Hot clouds of silicate sand have been discovered on a young planet orbiting two distant stars, along with clear signatures of water, methane, carbon monoxide and - potentially - carbon dioxide.

The exoplanet - known as VHS 1256 b - is just 40 lightyears from Earth and orbits two stars over a 10,000-year period.

Using the James Webb Space Telescope, a team of astronomers led by Brittany Miles of the University of Arizona have discovered silicate cloud features in the young gas giant's atmosphere.

Artist's impression of the James Webb Space Telescope. Credit: ESA, NASA, S. Beckwith (STScI) and the HUDF Team, Northrop Grumman Aerospace Systems / STScI / ATG medialab

They have also confirmed the presence of water, methane and carbon monoxide and found evidence of carbon dioxide, making it the largest number of molecules ever identified all at once on a planet beyond our Solar System.

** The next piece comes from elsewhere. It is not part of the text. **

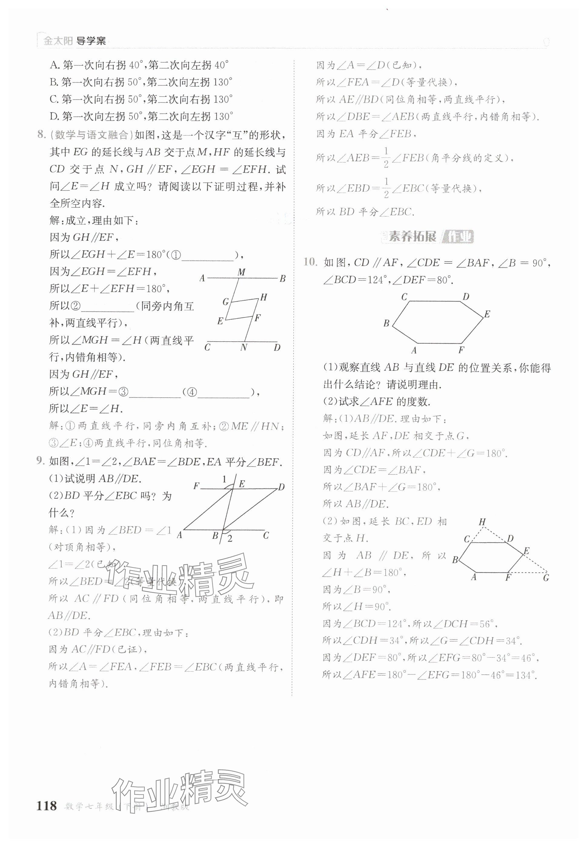 注:目前有些书本章节名称可能整理的还不是很完善,但都是按照顺序排列的,请同学们按照顺序仔细查找。练习册 2025年金太阳导学案七年级数学下册湘教版 答案主要是用来给同学们做完题方便对答案用的,请勿直接抄袭。

The planet's atmosphere is continuously rising and churning during its 22-hour day, pushing hotter material upwards and colder material down.

This causes changes in the planet's brightness, so much so that it is the most variable planetary-mass object so far discovered.

High up in VHS 1256 b's atmosphere, temperatures reach 830°C, and this is where the team behind the study discovered larger and smaller silicate dust grains within the clouds.

"The smaller silicate grains in its atmosphere may be more like tiny particles as in smoke," says study co-author Beth Biller of the University of Edinburgh.

"The larger grains might be more like very hot, very small sand particles."

VHS 1256 b is relatively young, having formed just 150 million years ago.

As a result, heat from its formation process is still present, which is part of the reason its atmosphere is so turbulent.

"VHS 1256 b is about four times farther from its stars than Pluto is from our Sun, which makes it a great target for the JWST," says Miles.

"That means the planet’s light is not mixed with light from its stars."

Infrared spectrum of exoplanet VHS 1256 b. Credit: NASA, ESA, CSA, Joseph Olmsted (STScI)

This distance from the host star meant that information and data from the exoplanet was not disturbed by the star's light, giving the team a greater chance at learning more about the planet's composition.

They studied spectra of light from the planet using the Webb Telescope's Near-Infrared Spectrograph (NIRSpec) and the Mid-Infrared Instrument (MIRI).

"No other telescope has identified so many features at once for a single target," says co-author Paul Mollière of the Max Planck Institute for Astronomy (MPIA) in Heidelberg, Germany.

"We’re seeing many molecules in a single spectrum from the JWST that detail the planet’s dynamic cloud and weather systems."

"We’ve isolated silicates, but better understanding which grain sizes and shapes match specific types of clouds is going to take a lot of additional work," says Elisabeth Matthews, also from MPIA.

"This is not the final word on this planet – it is only the beginning of a large-scale modeling effort to understand JWST’s complex data."